◆ What to produce: Leaving the pictures aside, restate all of the data exactly.

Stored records
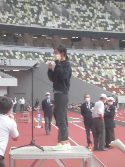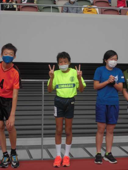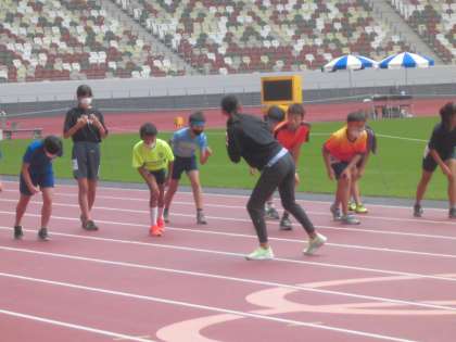 福島選手による走り方教室では、各校代表1名が福島選手と一緒に走りました。
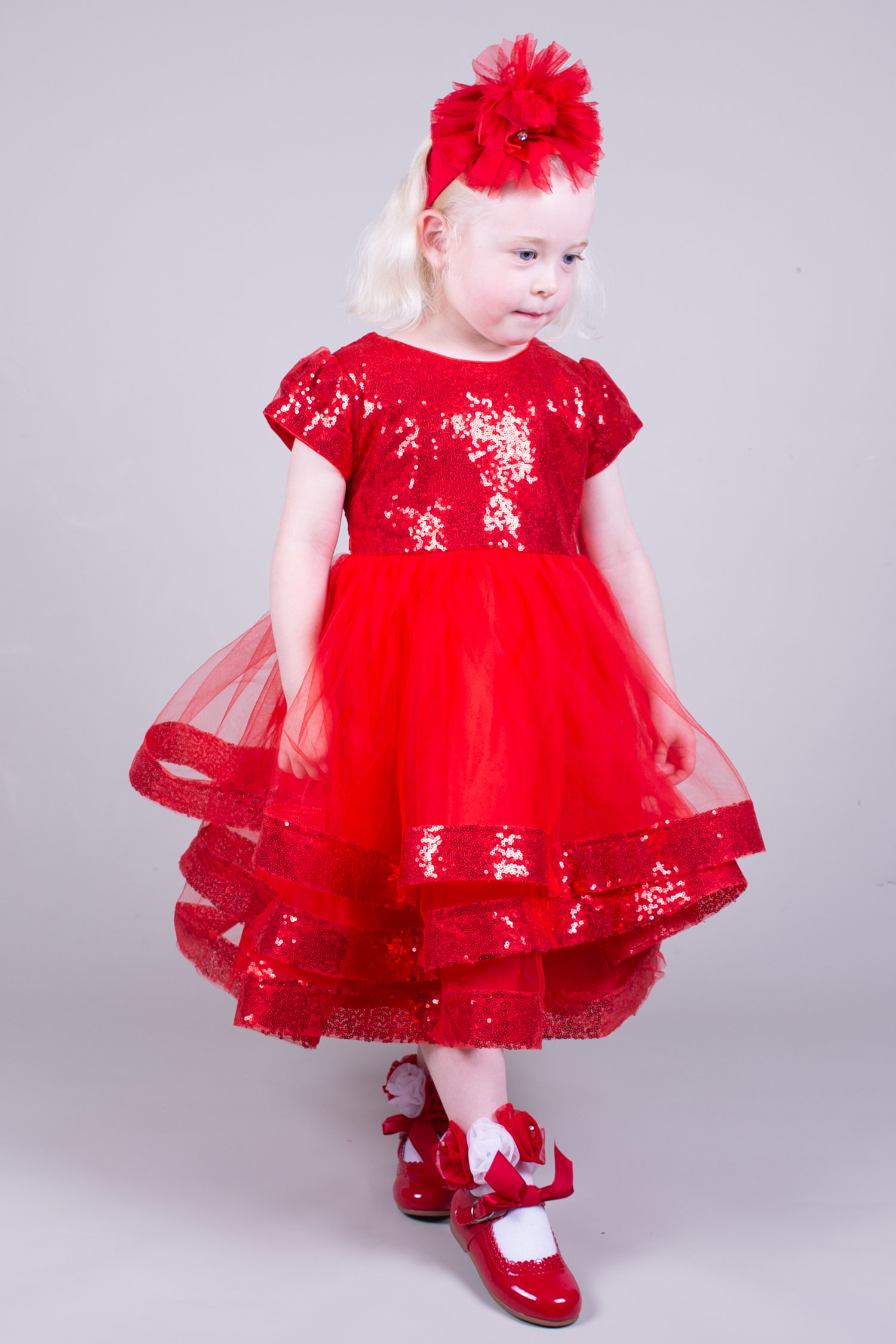 Girls Red Tutu Tiered Dress With Sequin Top & Matching Back Bow
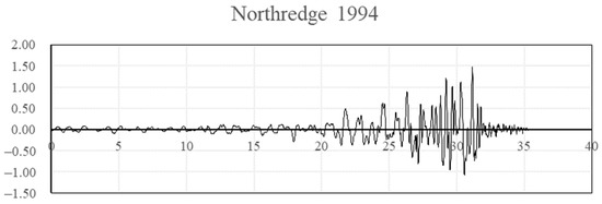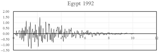 Earthquakes were selected in two different locations for the investigation: Egypt and the USA. The design response spectrums for both locations were used to generate synthetic earthquakes. All acceleration values are expressed in meter/sec2 on the Y axis and in seconds in X axis. The Egyptian earthquake was generated with ag = 0.15 g (base ground acceleration) and Soil Type A. This earthquake is plotted in Figure 10. The ASCE earthquake generated for Soil Type C and Ss = 0.6 and S1 = 0.32 is plotted in Figure 11. Historical earthquakes at El Centro in 1940, Northridge in 1994, Egypt in 1992, and Aqaba in 1995 are presented in Figure 12, Figure 13, Figure 14 and Figure 15 in terms of acceleration in m/sec2.
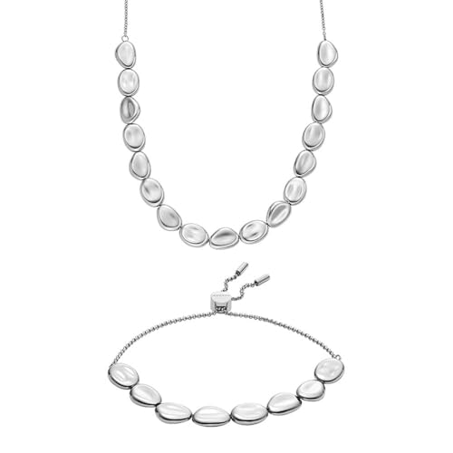 Skagen Collier et Bracelet pour Femme Anja Pebbles en Acier Inoxydable Argenté, Set
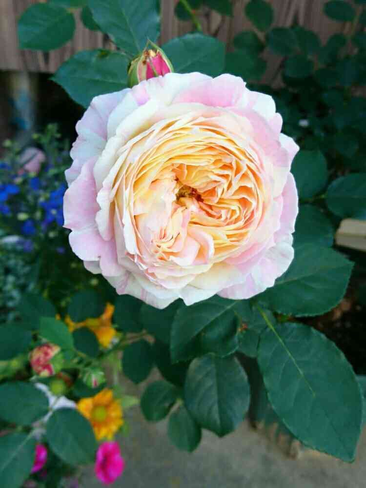 色幅がクリーム色から濃い桃色まで大きい絞りの薔薇ですが、今年の初花はイエロー寄りの優しい雰囲気でした😌❤
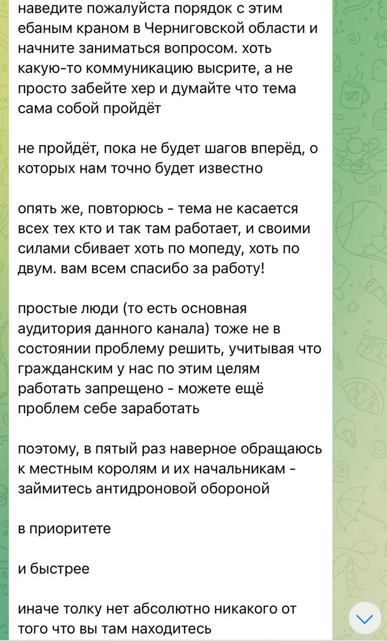 Блогер Николаевский Ванек навел Герани на г. Шостка Сумской области. Он в издевательской форме сообщил нашей стороне, что в отличии от Чернигова, город прикрыт лучшими украинскими FPV перехватчиками.
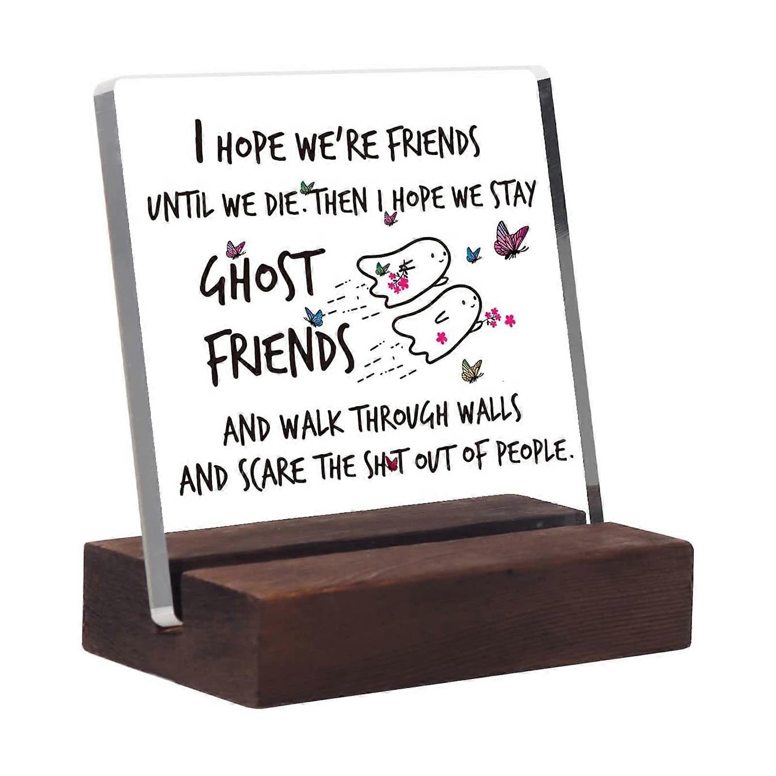 Clear Acrylic Desk Sign with Wood Stand, Cartoon Butterfly Pattern, Positive Quote Plaque for Home Office Decor
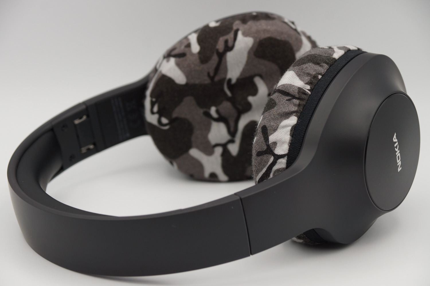 此覆盖物在纵向和横向的伸缩率上有所不同,纵向的弹性更好。由于这款耳机的耳垫是纵长的,所以将覆盖物竖直对齐(伸展性好的方向)会使佩戴感更佳。
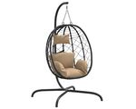Scaun suspendat tip ou cu pernă, gri taupe, poliratan și oțel
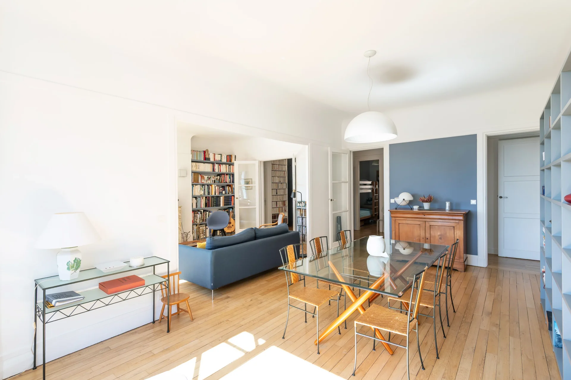 It features a gallery entrance with dressing room, a double reception flooded with light, facing south-west, which benefits from beautiful openings and a pleasant unobstructed view. The eat-in kitchen, fully equipped, opens onto a balcony.
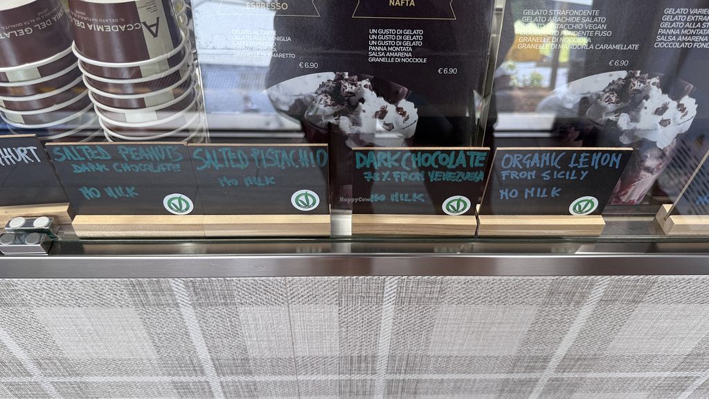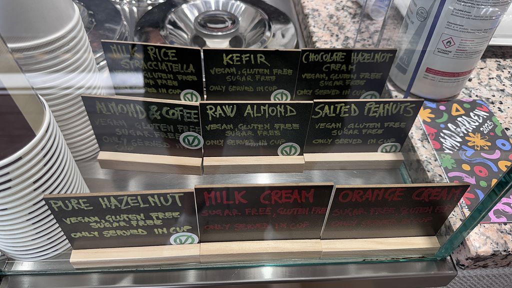 Clearly labeled vegan options, sorbets and gelatos as well. All absolutely delicious.
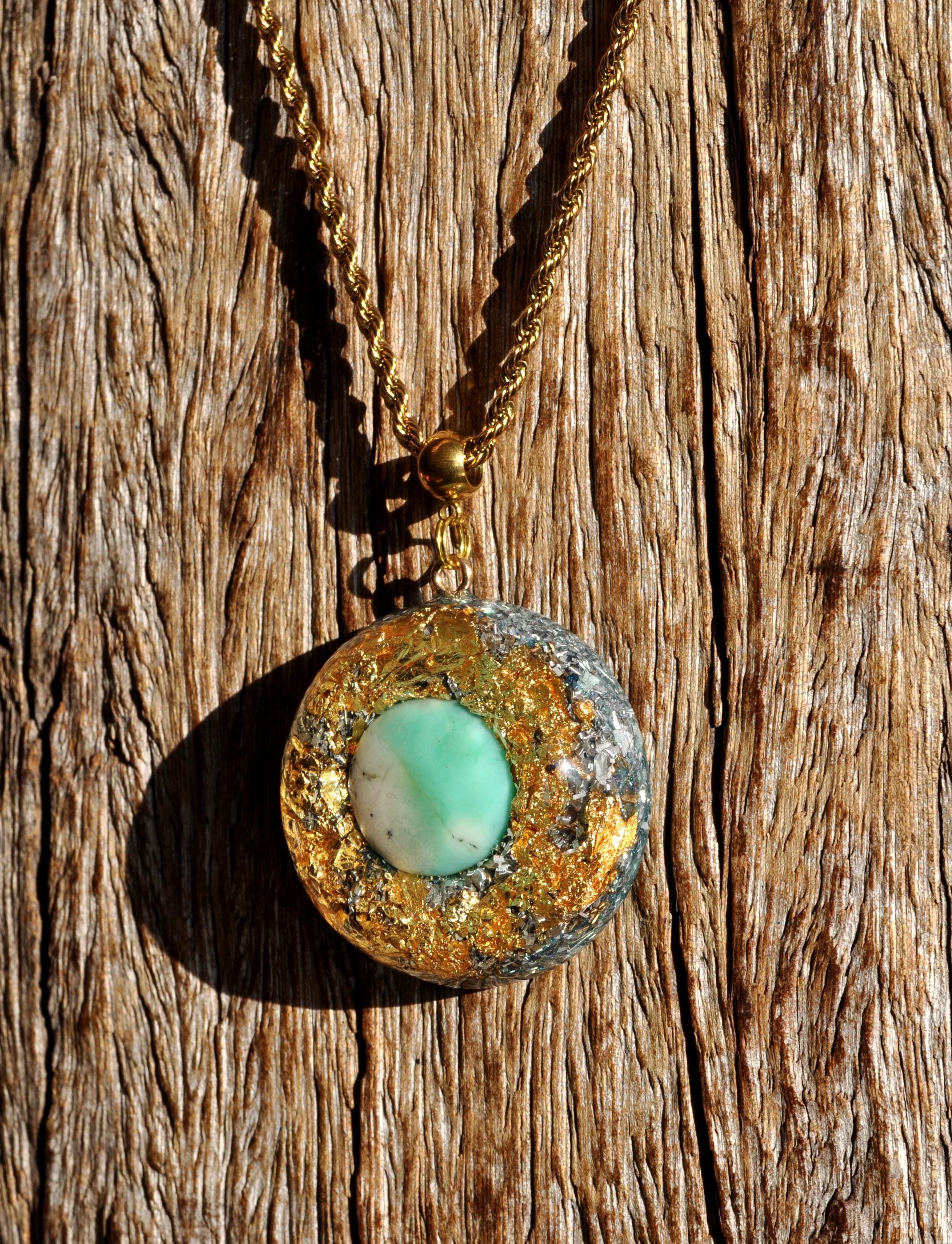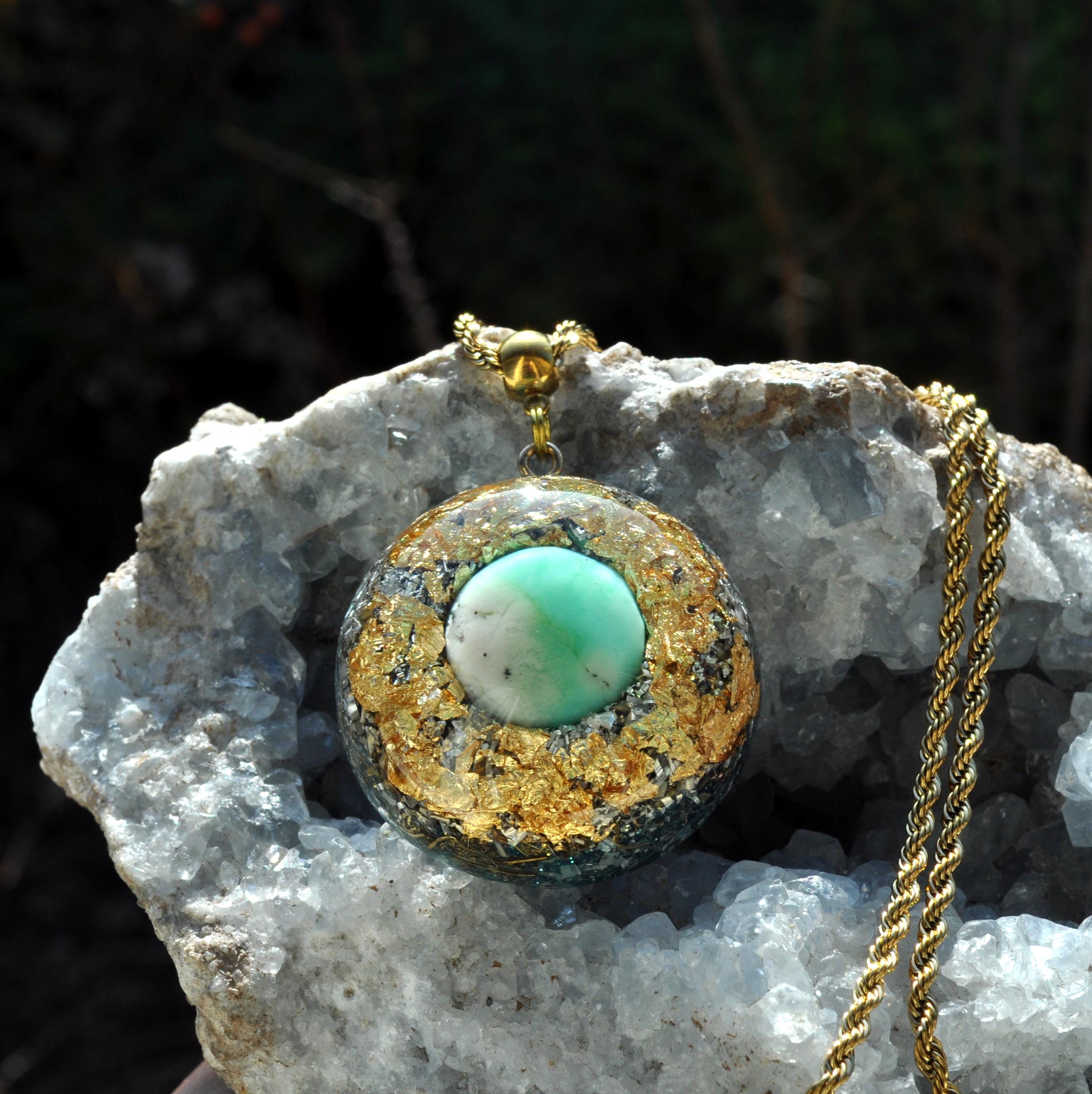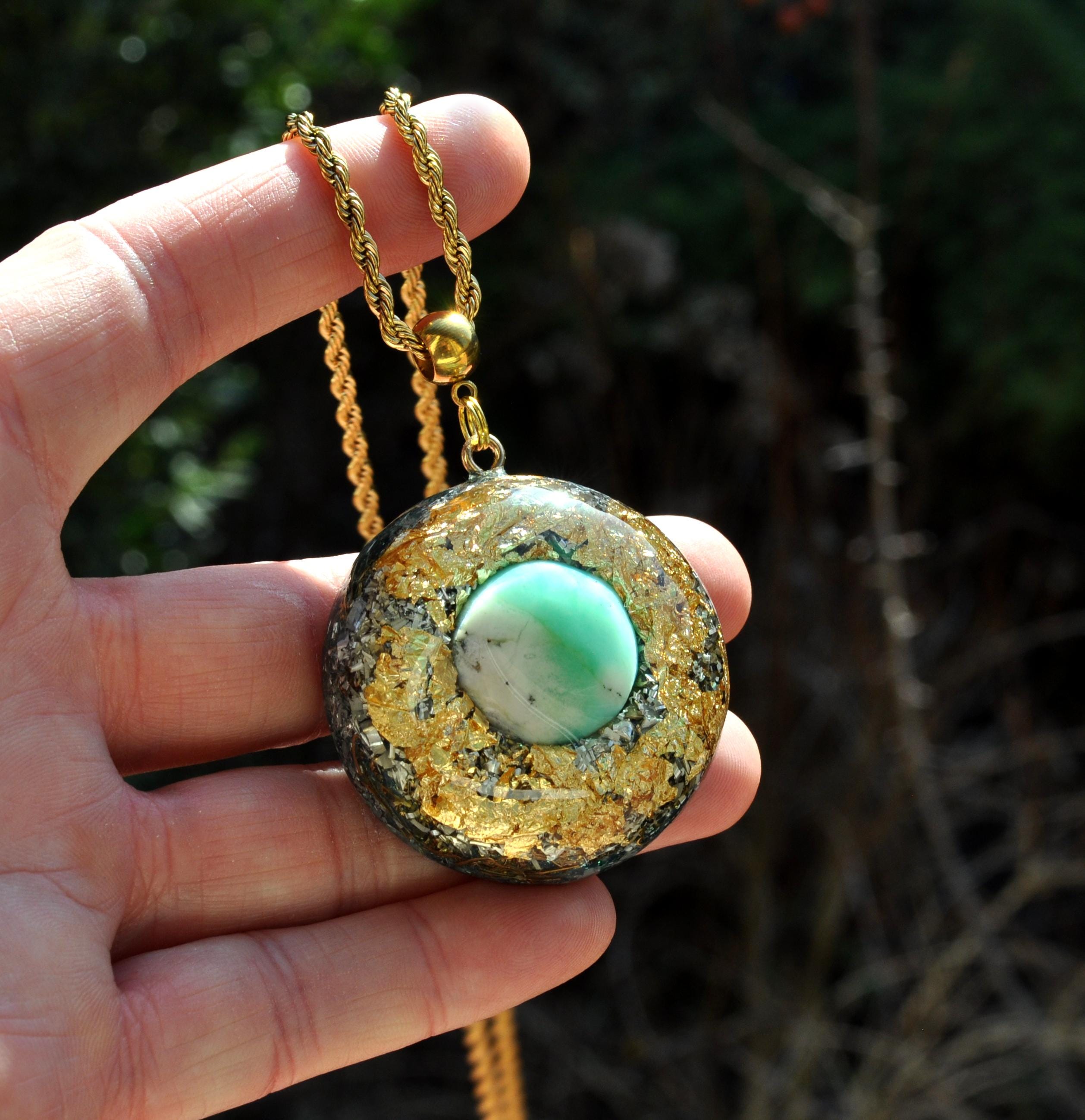 Unique Orgonite Pendant with Chrysophrase and Gold leaf
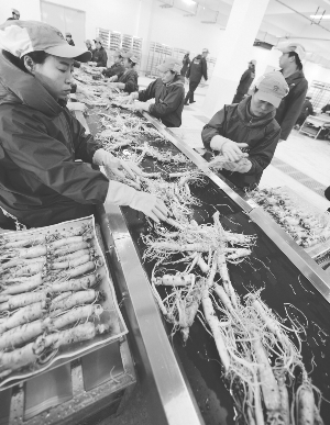 11月23日,工人在分拣经过清洗的人参。当日,我国最大的人参产业园在吉林省集安市落成投产。该人参产业园由康美药业投资兴建,每年可加工人参4000吨以上,销售年收入达到17亿元。新华社记者 张楠 摄
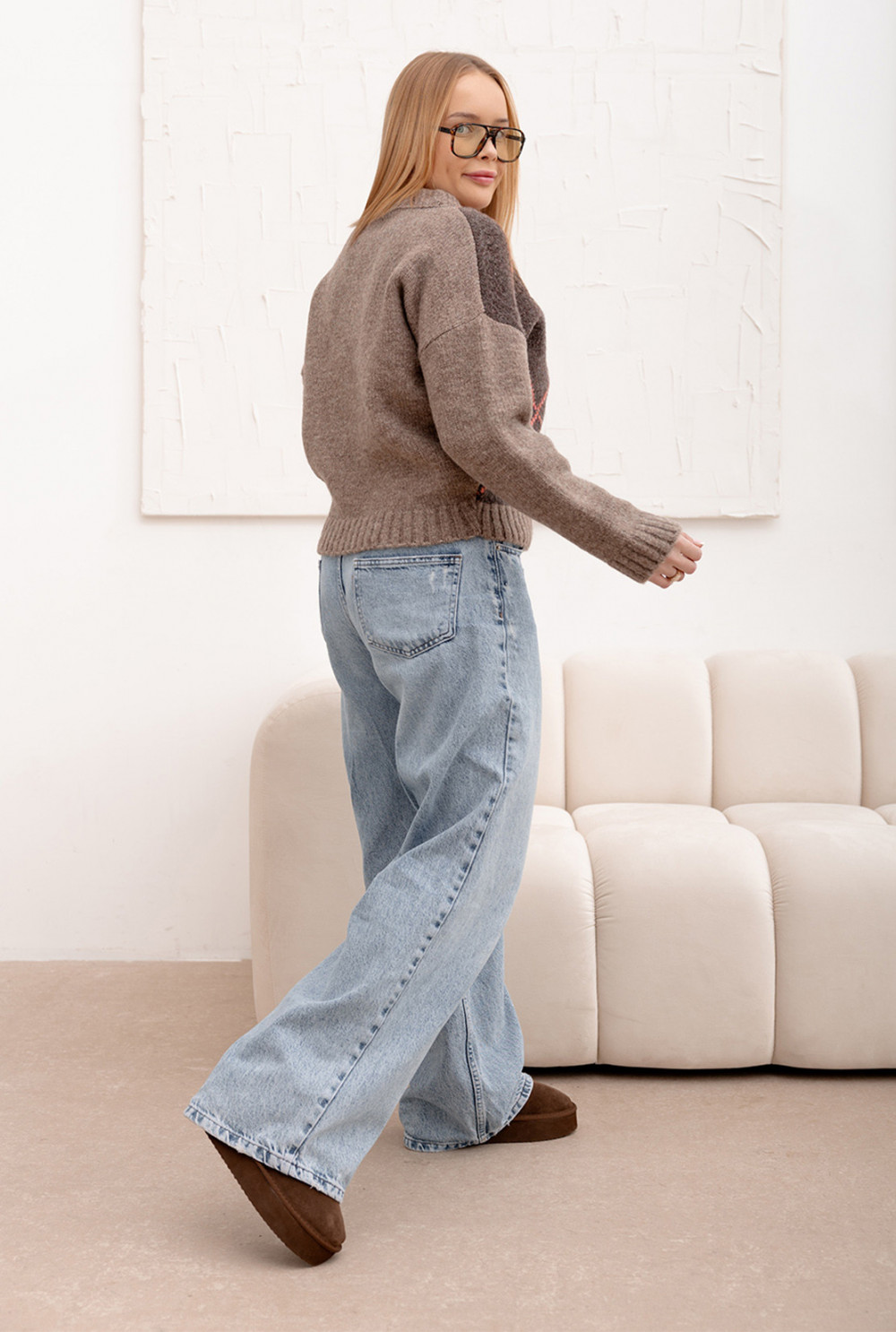 Miękki sweter w romby, niezwykle przyjemny w dotyku i idealny na chłodniejsze dni! Model posiada zaokrąglony dekolt, a jego efektowny wzór dodaje stylizacji wyjątkowego charakteru. Dół produktu, podobnie jak rękawy, został wykończony elastycznym ściągaczem, co zapewnia komfort noszenia i świetne dopasowanie.

◆ Answer to the exercise:
 福島選手による走り方教室では、各校代表1名が福島選手と一緒に走りました。
 Girls Red Tutu Tiered Dress With Sequin Top & Matching Back Bow
 Earthquakes were selected in two different locations for the investigation: Egypt and the USA. The design response spectrums for both locations were used to generate synthetic earthquakes. All acceleration values are expressed in meter/sec2 on the Y axis and in seconds in X axis. The Egyptian earthquake was generated with ag = 0.15 g (base ground acceleration) and Soil Type A. This earthquake is plotted in Figure 10. The ASCE earthquake generated for Soil Type C and Ss = 0.6 and S1 = 0.32 is plotted in Figure 11. Historical earthquakes at El Centro in 1940, Northridge in 1994, Egypt in 1992, and Aqaba in 1995 are presented in Figure 12, Figure 13, Figure 14 and Figure 15 in terms of acceleration in m/sec2.
 Skagen Collier et Bracelet pour Femme Anja Pebbles en Acier Inoxydable Argenté, Set
 色幅がクリーム色から濃い桃色まで大きい絞りの薔薇ですが、今年の初花はイエロー寄りの優しい雰囲気でした😌❤
 Блогер Николаевский Ванек навел Герани на г. Шостка Сумской области. Он в издевательской форме сообщил нашей стороне, что в отличии от Чернигова, город прикрыт лучшими украинскими FPV перехватчиками.
 Clear Acrylic Desk Sign with Wood Stand, Cartoon Butterfly Pattern, Positive Quote Plaque for Home Office Decor
 此覆盖物在纵向和横向的伸缩率上有所不同,纵向的弹性更好。由于这款耳机的耳垫是纵长的,所以将覆盖物竖直对齐(伸展性好的方向)会使佩戴感更佳。
Scaun suspendat tip ou cu pernă, gri taupe, poliratan și oțel
 It features a gallery entrance with dressing room, a double reception flooded with light, facing south-west, which benefits from beautiful openings and a pleasant unobstructed view. The eat-in kitchen, fully equipped, opens onto a balcony.
 Clearly labeled vegan options, sorbets and gelatos as well. All absolutely delicious.
 Unique Orgonite Pendant with Chrysophrase and Gold leaf
 11月23日,工人在分拣经过清洗的人参。当日,我国最大的人参产业园在吉林省集安市落成投产。该人参产业园由康美药业投资兴建,每年可加工人参4000吨以上,销售年收入达到17亿元。新华社记者 张楠 摄
 Miękki sweter w romby, niezwykle przyjemny w dotyku i idealny na chłodniejsze dni! Model posiada zaokrąglony dekolt, a jego efektowny wzór dodaje stylizacji wyjątkowego charakteru. Dół produktu, podobnie jak rękawy, został wykończony elastycznym ściągaczem, co zapewnia komfort noszenia i świetne dopasowanie.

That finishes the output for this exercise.